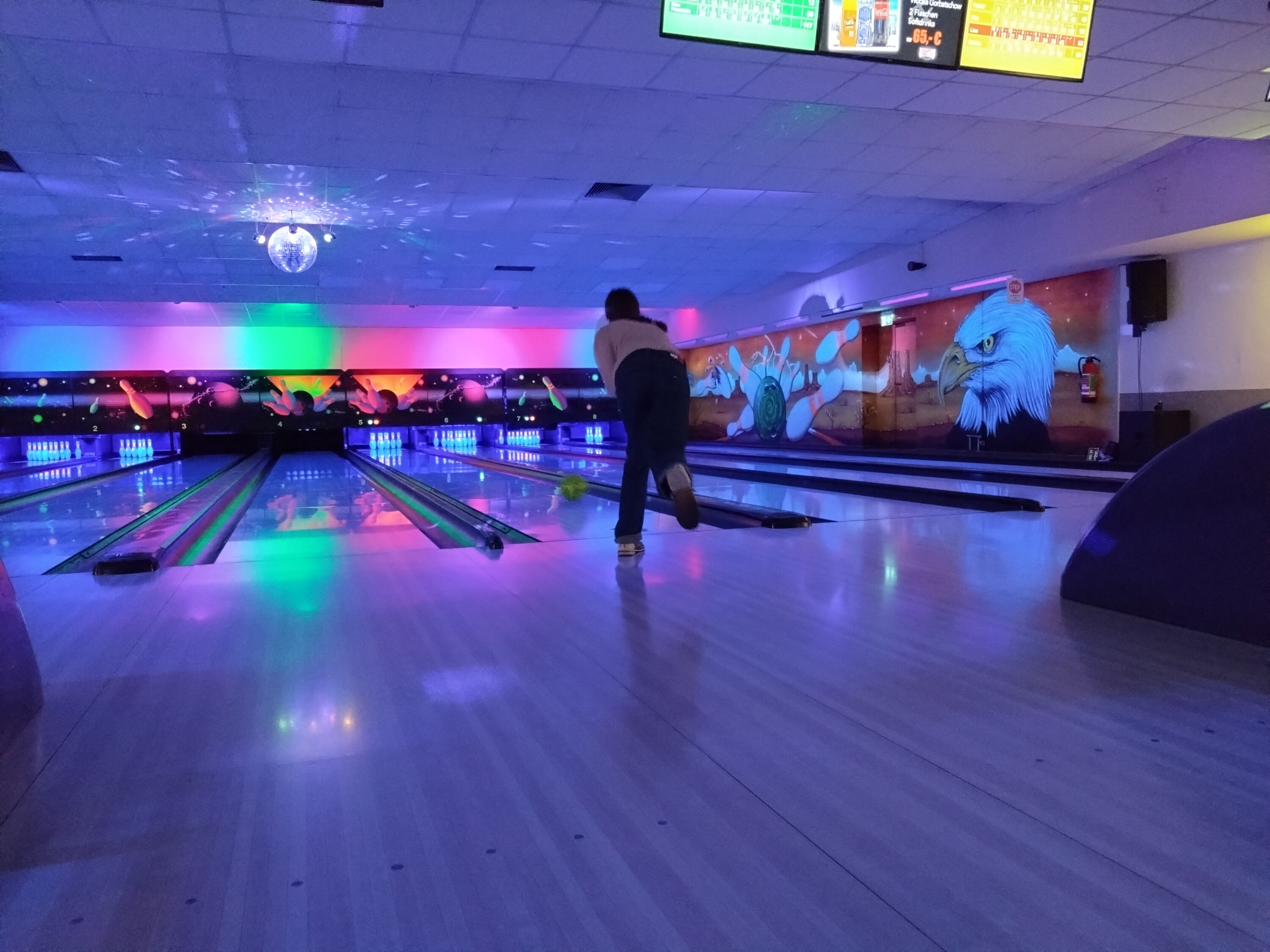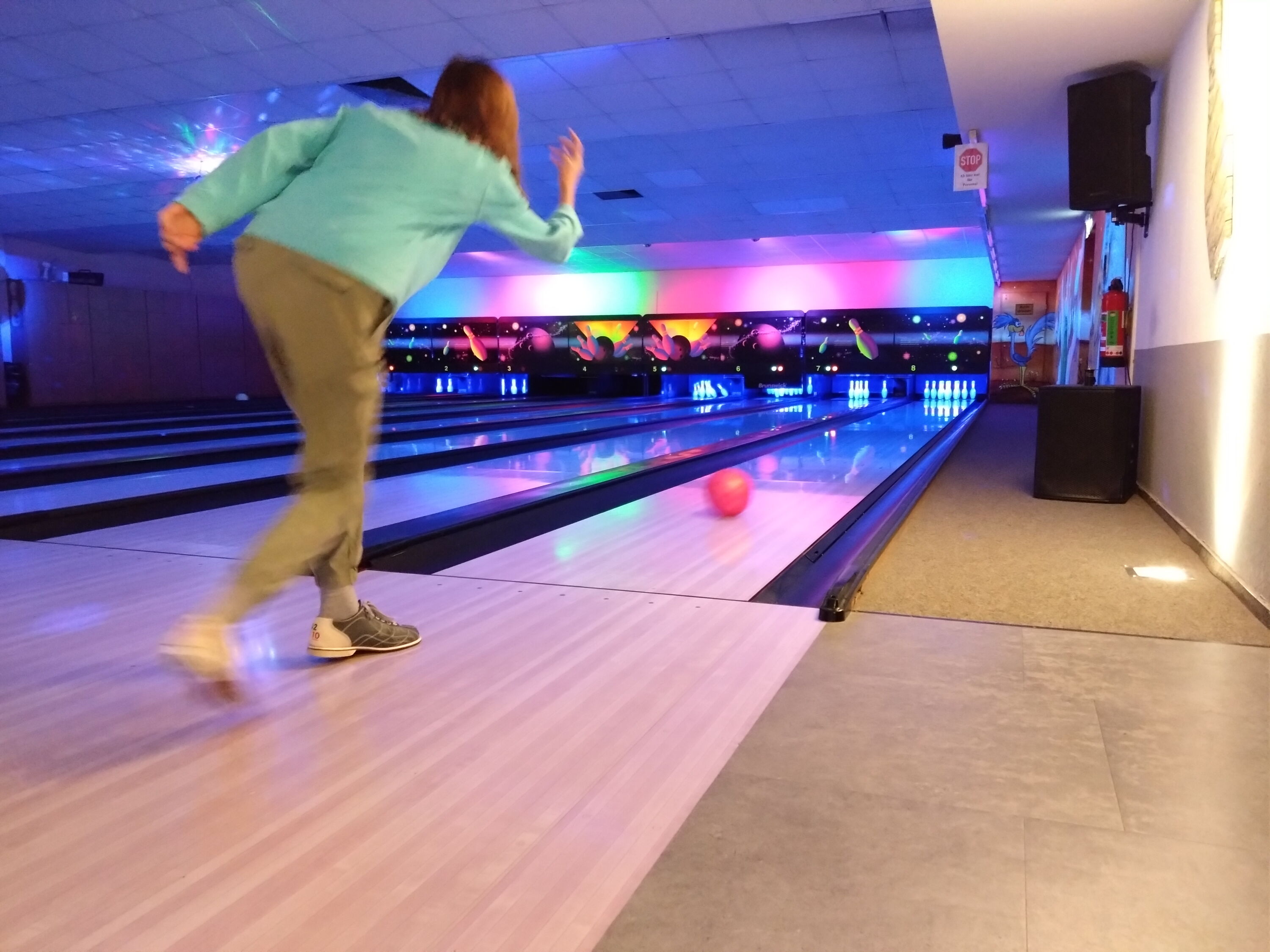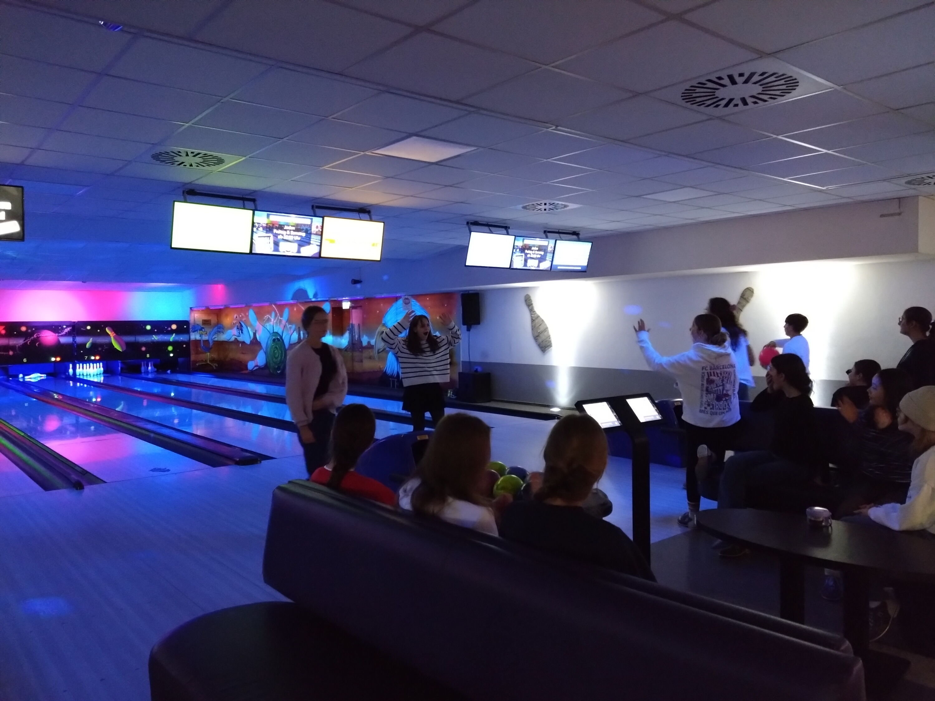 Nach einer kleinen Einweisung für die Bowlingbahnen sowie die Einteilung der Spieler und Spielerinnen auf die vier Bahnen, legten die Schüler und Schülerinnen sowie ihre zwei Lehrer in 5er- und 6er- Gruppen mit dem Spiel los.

□ □ □ □

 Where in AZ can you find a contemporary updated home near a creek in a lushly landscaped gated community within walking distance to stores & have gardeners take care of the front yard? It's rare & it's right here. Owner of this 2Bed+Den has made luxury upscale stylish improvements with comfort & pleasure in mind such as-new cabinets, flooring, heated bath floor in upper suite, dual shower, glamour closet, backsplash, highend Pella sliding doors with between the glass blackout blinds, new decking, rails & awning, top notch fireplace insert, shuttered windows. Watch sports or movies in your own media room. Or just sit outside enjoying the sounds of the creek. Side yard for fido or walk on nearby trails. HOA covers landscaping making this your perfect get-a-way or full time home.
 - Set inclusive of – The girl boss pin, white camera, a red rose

□ □ □ □

From the entries above, restate word for word the lines from the line containing "Where in AZ" to the line containing "- Set inclusive", both ends included, and nothing more.

 Where in AZ can you find a contemporary updated home near a creek in a lushly landscaped gated community within walking distance to stores & have gardeners take care of the front yard? It's rare & it's right here. Owner of this 2Bed+Den has made luxury upscale stylish improvements with comfort & pleasure in mind such as-new cabinets, flooring, heated bath floor in upper suite, dual shower, glamour closet, backsplash, highend Pella sliding doors with between the glass blackout blinds, new decking, rails & awning, top notch fireplace insert, shuttered windows. Watch sports or movies in your own media room. Or just sit outside enjoying the sounds of the creek. Side yard for fido or walk on nearby trails. HOA covers landscaping making this your perfect get-a-way or full time home.
 - Set inclusive of – The girl boss pin, white camera, a red rose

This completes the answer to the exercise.